▶ _Directions for this task_
Repeat each entry below exactly, omitting any picture it holds.

▶ _Provided material_
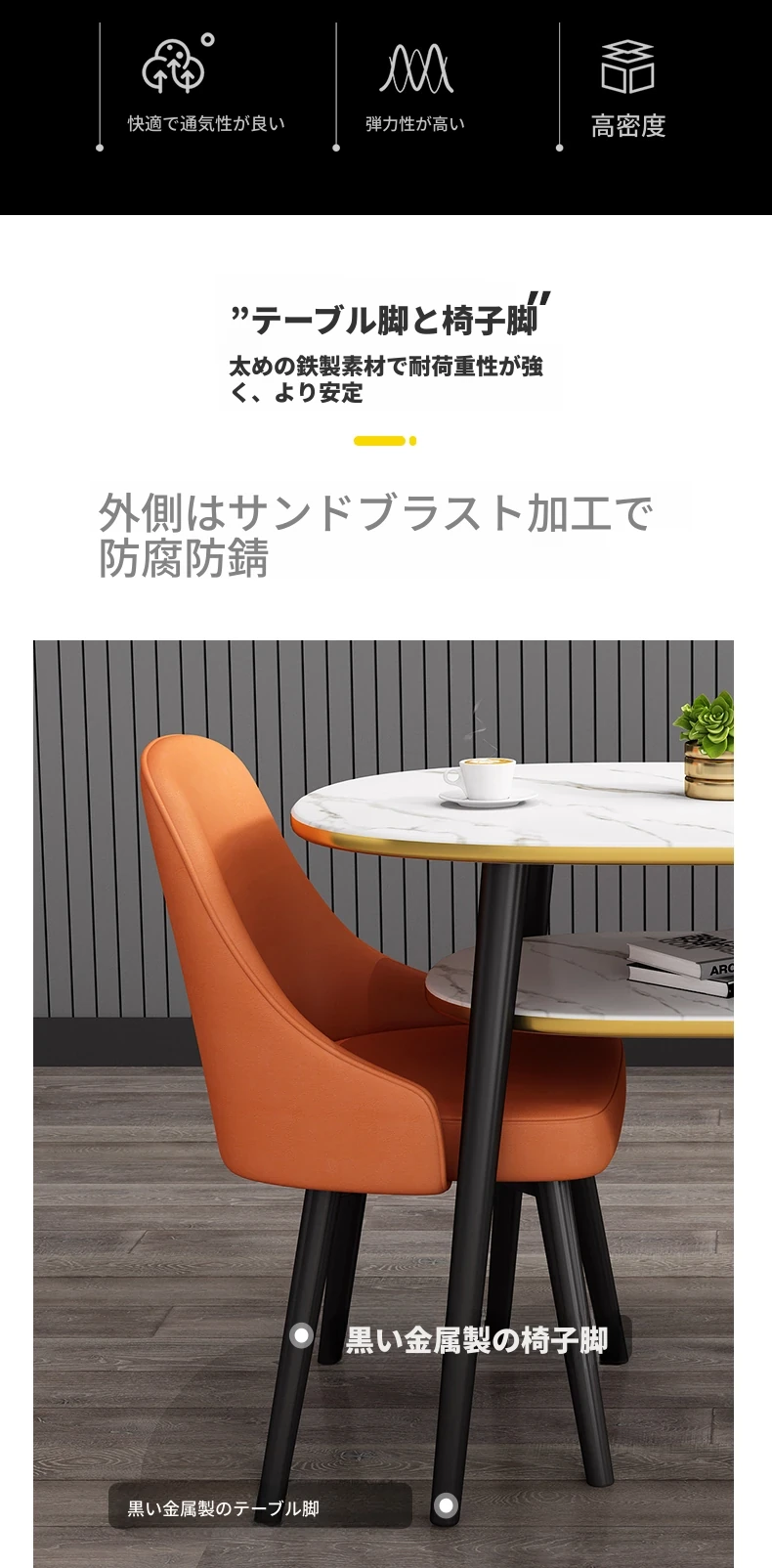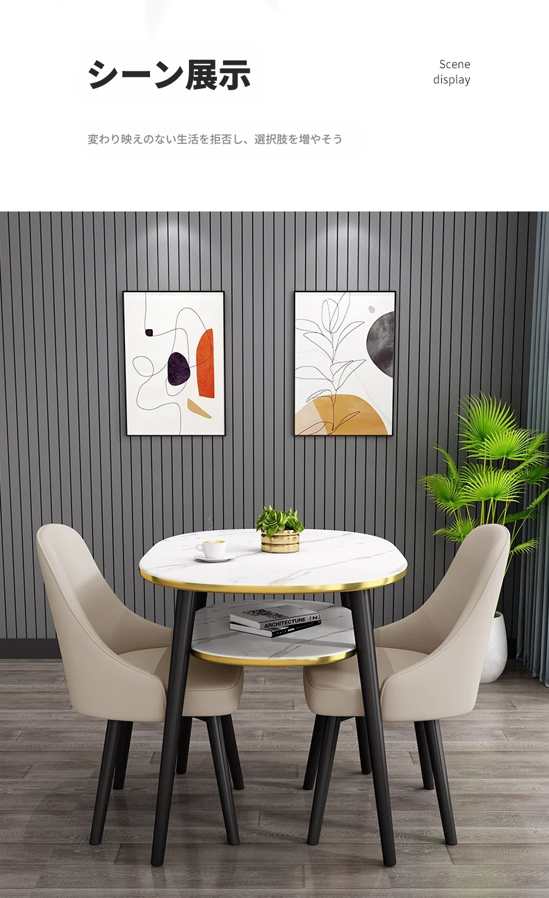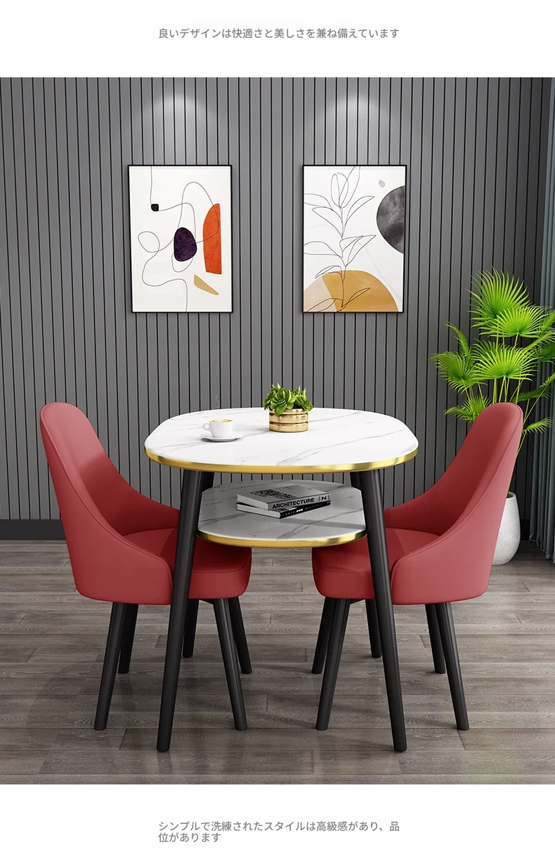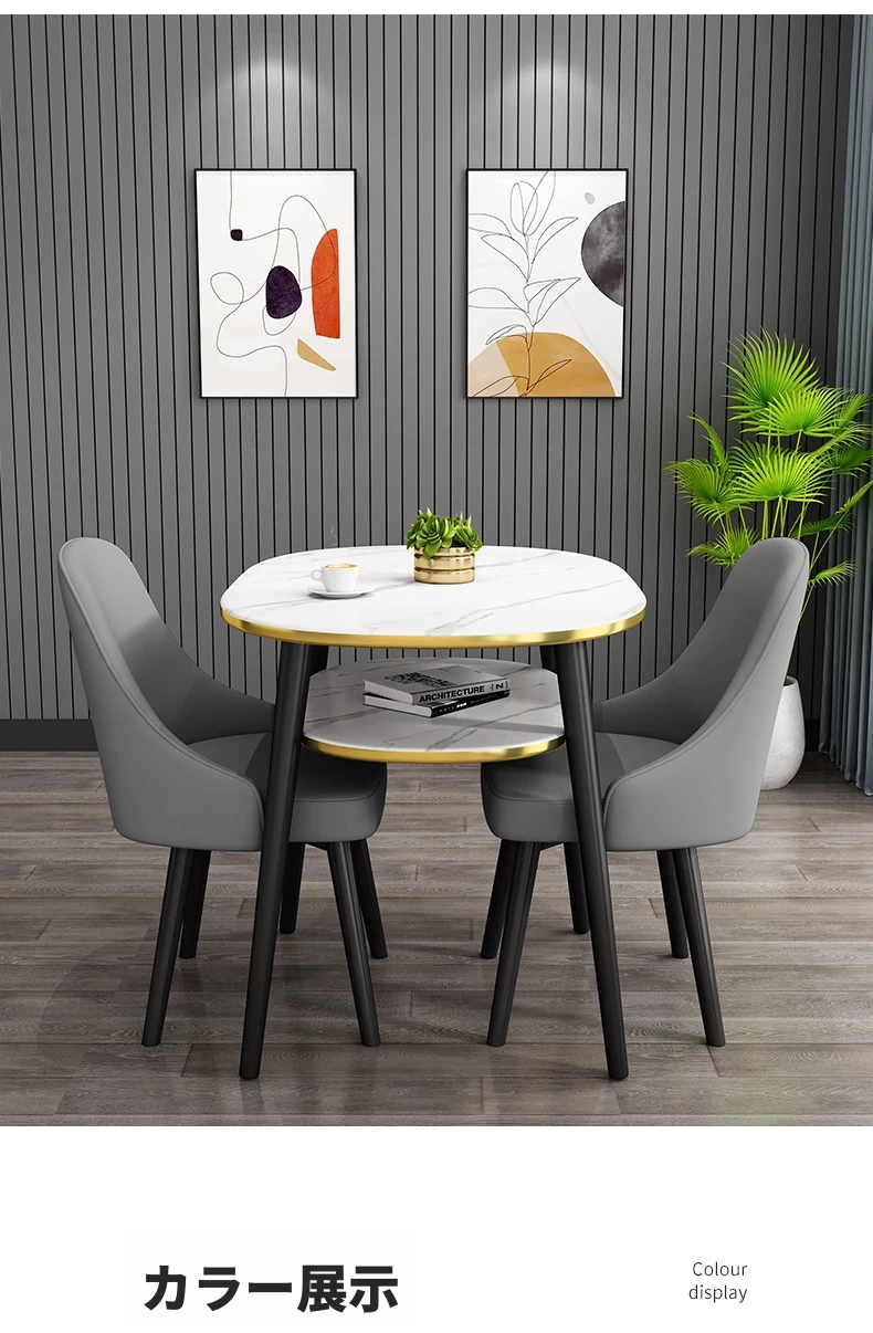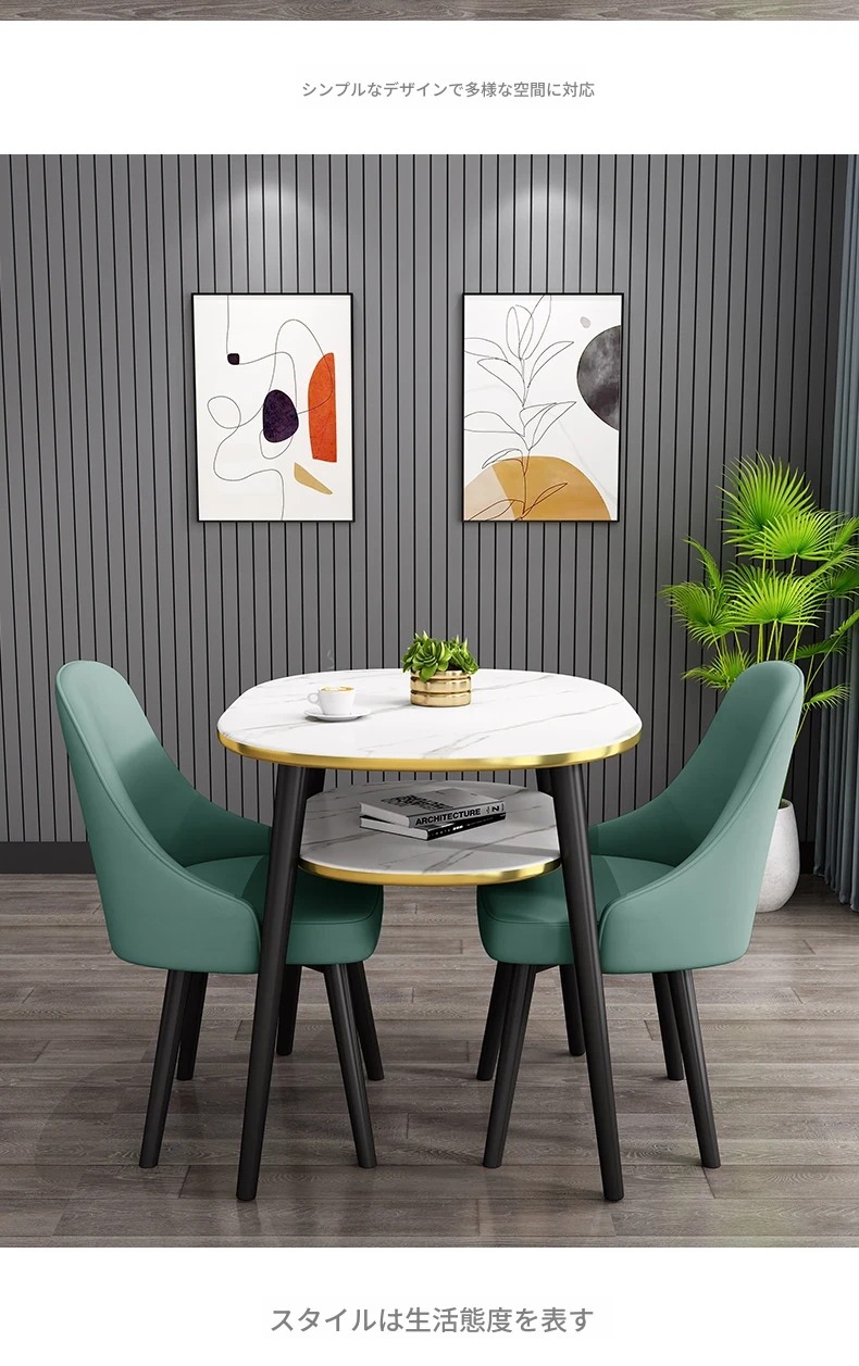 シンプルでスタイリッシュな接客用テーブルセット - 営業所やカフェに最適!リラックスできるひとときを提供する軽やかなラウンドテーブルと椅子のコンビネーション。バルコニーにもぴったりなデザインで、日常を特別な空間に演出します。
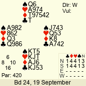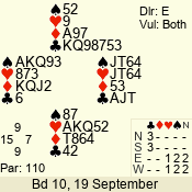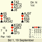 | Con | Dc | Res | Score | Ld | Pairs | Rd | Tbl | | 1 N | N | +2 | 150 | 4 | 06 - 10 | 7 | 6 |
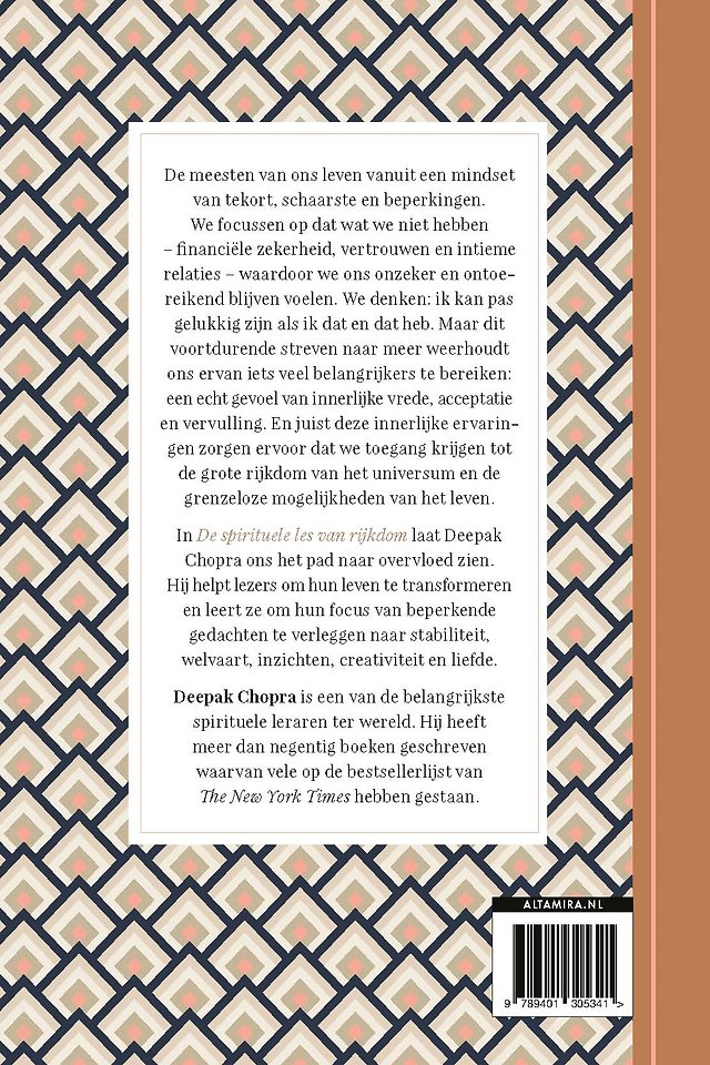 In 'De spirituele les van rijkdom' laat Deepak Chopra ons het pad naar overvloed zien. Waar hij in 'De 7 spirituele wetten van succes' lezers liet kennismaken met het spirituele pad naar succes, laat Chopra lezers in dit boek kennismaken met de weg naar innerlijke vrede en vervulling. Hij helpt hen om hun leven te transformeren door de focus te leggen op alle mogelijkheden in het leven. Volgens Chopra leven wij vanuit een mindset van tekort en beperkingen. We focussen niet op wat we hebben, zoals welvaart en stabiliteit, maar op wat we níét hebben. 'De spirituele les van rijkdom' leert ons dat dat innerlijke ervaringen de sleutel zijn tot de grote rijkdom van het universum en de grenzeloze mogelijkheden van het leven.
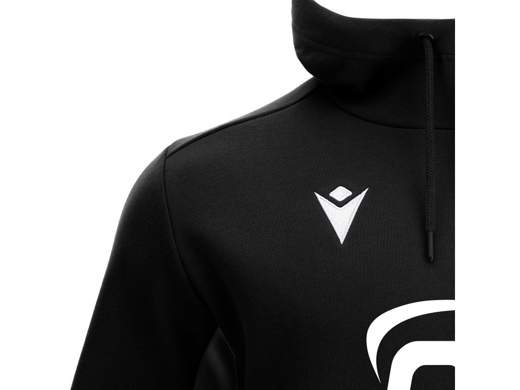 Volnočasová mikina z broušené polybavlny s kapsičkou, pletenými manžetami a pasem. Kulatá stahovací šňůrka s agletem pro úpravu střihu kapuce. Vsadky v tónu na spodním rukávu a na bocích.
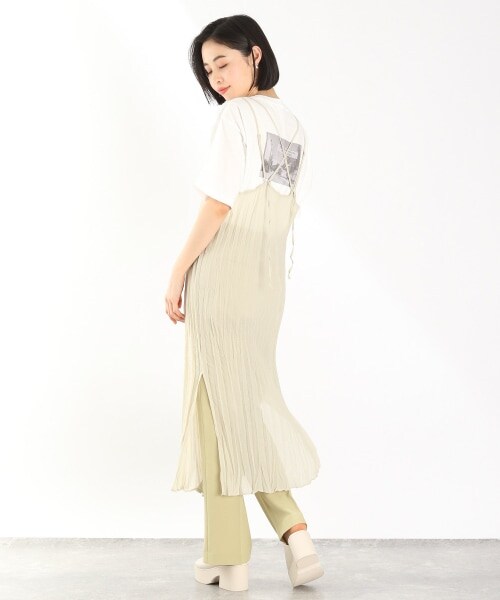 トレンドの透け感のある生地にプリーツ加工を施したキャミワンピース。プリーツの縦見えするラインでスタイルアップしつつ体系カバーもしていただけるレイヤードに使えるワンピースです。プリントTや無地のカットソーと柄のパンツ、スリットパンツと合わせて着こなすのがお勧めです。
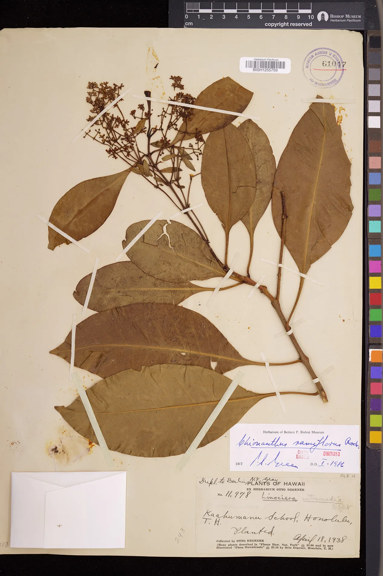 | 9 | Chionanthus ramiflorus | Roxb. | Kaahumanu School, Honolulu | PRESERVED_SPECIMEN | Degener, O. | 11978 | Oahu | BISH | 4/18/1938 | |
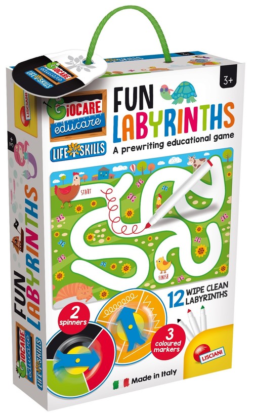 Wyjątkowa gra z 12 labiryntami do pisania i zmazywania, które pomagają wykształcić nawyk pierwszego pisania. Obróć spinner i uzupełnij labirynty używając jednego z trzech pisaków i jednego z wzorów. Dzięki tej grze dziecko rozwija umiejętność rozwiązywania problemów tj. jedną z Life Skills, wyodrębnioną przez WHO. Dla dzieci w wieku od 3 lat
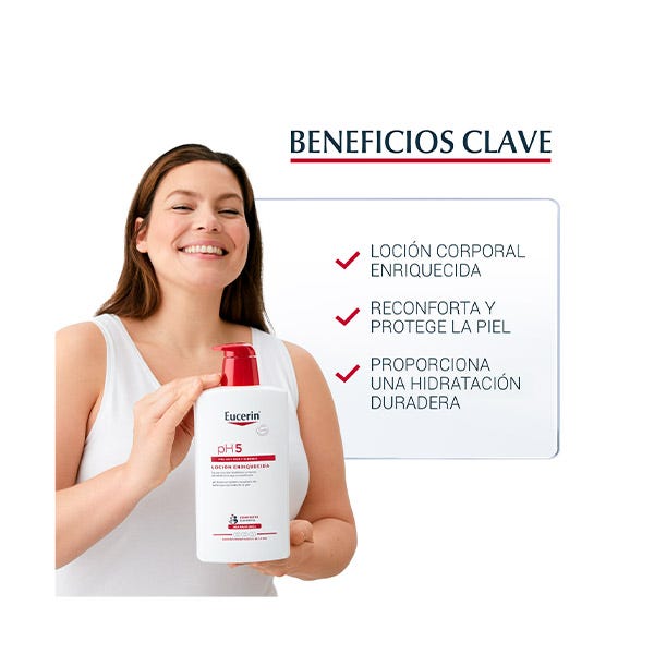 Una piel saludable es la mejor defensa del organismo frente a los agentes irritantes externos. Esta loción corporal de Eucerin, enriquecida con dexpantenol, calma e hidrata la piel de forma natural, aportando un bienestar inmediato. Estos son sus principales beneficios:
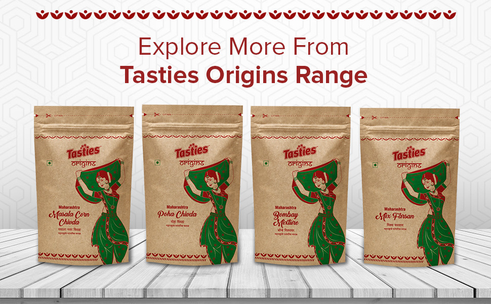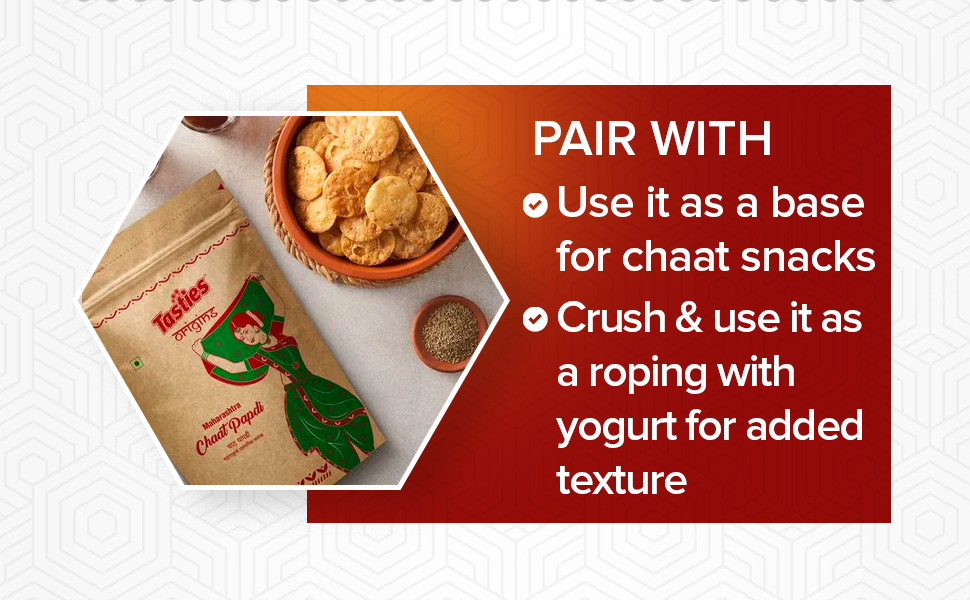 The Maharashtra Chaat Namkeen Papdi - Crispy is the ultimate treat that you can add to your chaat parties and your savoury cravings. It is served best as teatime snacks and homemade chaats. It is the perfect munchie to add to your pantry. Freshly blended with traditional Maharashtrian spices and made with local recipes, our Maharashtra Chaat Namkeen Papdi - Crispy comes with a spicy tadka and is naturally processed with the finest wheat flour and local ajwain. Our Maharashtra Chaat Namkeen Papdi - Crispy is a crispy, delicious treat that you can revel in at any time of the day and is sure to make your tastebuds dance. Best accompanied with other chaats and fresh beverages, this treat is sure to make your long day less boring and add flavour to it. Packed with nutrition, our Maharashtra Chaat Namkeen Papdi - Crispy has no added preservatives and cholesterol and is the perfect snack to have. Indulge in savoury goodness with our Maharashtra Chaat Namkeen Papdi - Crispy now! Experiment with the eclectic range of Tasties Origins Namkeen collections on Big Basket from Lahsun Sev, Indori Mixture, and more where tradition meets flavour in local recipes.
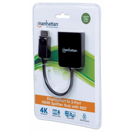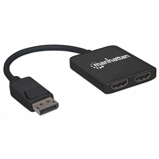 Rozbočovač Manhattan DisplayPort na duálny HDMI - MST prenáša signál 4K DisplayPort (DP) z jedného zdroja UHD až na dva displeje UHD HDMI.
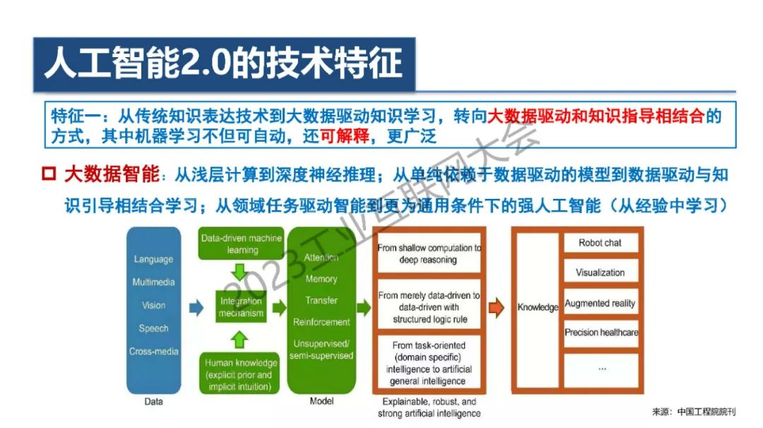 人工智能2.0的技術(shù)特征之一是從傳統(tǒng)知識表達(dá)技術(shù)到大數(shù)據(jù)驅(qū)動(dòng)知識學(xué)習(xí),轉(zhuǎn)向大數(shù)據(jù)驅(qū)動(dòng)和知識指導(dǎo)相結(jié)合的方式,其中機(jī)器學(xué)習(xí)不但可自動(dòng),還可解釋,更廣泛。

▶ _Task result_
 シンプルでスタイリッシュな接客用テーブルセット - 営業所やカフェに最適!リラックスできるひとときを提供する軽やかなラウンドテーブルと椅子のコンビネーション。バルコニーにもぴったりなデザインで、日常を特別な空間に演出します。
 | Con | Dc | Res | Score | Ld | Pairs | Rd | Tbl | | 1 N | N | +2 | 150 | 4 | 06 - 10 | 7 | 6 |
 In 'De spirituele les van rijkdom' laat Deepak Chopra ons het pad naar overvloed zien. Waar hij in 'De 7 spirituele wetten van succes' lezers liet kennismaken met het spirituele pad naar succes, laat Chopra lezers in dit boek kennismaken met de weg naar innerlijke vrede en vervulling. Hij helpt hen om hun leven te transformeren door de focus te leggen op alle mogelijkheden in het leven. Volgens Chopra leven wij vanuit een mindset van tekort en beperkingen. We focussen niet op wat we hebben, zoals welvaart en stabiliteit, maar op wat we níét hebben. 'De spirituele les van rijkdom' leert ons dat dat innerlijke ervaringen de sleutel zijn tot de grote rijkdom van het universum en de grenzeloze mogelijkheden van het leven.
 Volnočasová mikina z broušené polybavlny s kapsičkou, pletenými manžetami a pasem. Kulatá stahovací šňůrka s agletem pro úpravu střihu kapuce. Vsadky v tónu na spodním rukávu a na bocích.
 トレンドの透け感のある生地にプリーツ加工を施したキャミワンピース。プリーツの縦見えするラインでスタイルアップしつつ体系カバーもしていただけるレイヤードに使えるワンピースです。プリントTや無地のカットソーと柄のパンツ、スリットパンツと合わせて着こなすのがお勧めです。
 | 9 | Chionanthus ramiflorus | Roxb. | Kaahumanu School, Honolulu | PRESERVED_SPECIMEN | Degener, O. | 11978 | Oahu | BISH | 4/18/1938 | |
 Wyjątkowa gra z 12 labiryntami do pisania i zmazywania, które pomagają wykształcić nawyk pierwszego pisania. Obróć spinner i uzupełnij labirynty używając jednego z trzech pisaków i jednego z wzorów. Dzięki tej grze dziecko rozwija umiejętność rozwiązywania problemów tj. jedną z Life Skills, wyodrębnioną przez WHO. Dla dzieci w wieku od 3 lat
 Una piel saludable es la mejor defensa del organismo frente a los agentes irritantes externos. Esta loción corporal de Eucerin, enriquecida con dexpantenol, calma e hidrata la piel de forma natural, aportando un bienestar inmediato. Estos son sus principales beneficios:
 The Maharashtra Chaat Namkeen Papdi - Crispy is the ultimate treat that you can add to your chaat parties and your savoury cravings. It is served best as teatime snacks and homemade chaats. It is the perfect munchie to add to your pantry. Freshly blended with traditional Maharashtrian spices and made with local recipes, our Maharashtra Chaat Namkeen Papdi - Crispy comes with a spicy tadka and is naturally processed with the finest wheat flour and local ajwain. Our Maharashtra Chaat Namkeen Papdi - Crispy is a crispy, delicious treat that you can revel in at any time of the day and is sure to make your tastebuds dance. Best accompanied with other chaats and fresh beverages, this treat is sure to make your long day less boring and add flavour to it. Packed with nutrition, our Maharashtra Chaat Namkeen Papdi - Crispy has no added preservatives and cholesterol and is the perfect snack to have. Indulge in savoury goodness with our Maharashtra Chaat Namkeen Papdi - Crispy now! Experiment with the eclectic range of Tasties Origins Namkeen collections on Big Basket from Lahsun Sev, Indori Mixture, and more where tradition meets flavour in local recipes.
 Rozbočovač Manhattan DisplayPort na duálny HDMI - MST prenáša signál 4K DisplayPort (DP) z jedného zdroja UHD až na dva displeje UHD HDMI.
 人工智能2.0的技術(shù)特征之一是從傳統(tǒng)知識表達(dá)技術(shù)到大數(shù)據(jù)驅(qū)動(dòng)知識學(xué)習(xí),轉(zhuǎn)向大數(shù)據(jù)驅(qū)動(dòng)和知識指導(dǎo)相結(jié)合的方式,其中機(jī)器學(xué)習(xí)不但可自動(dòng),還可解釋,更廣泛。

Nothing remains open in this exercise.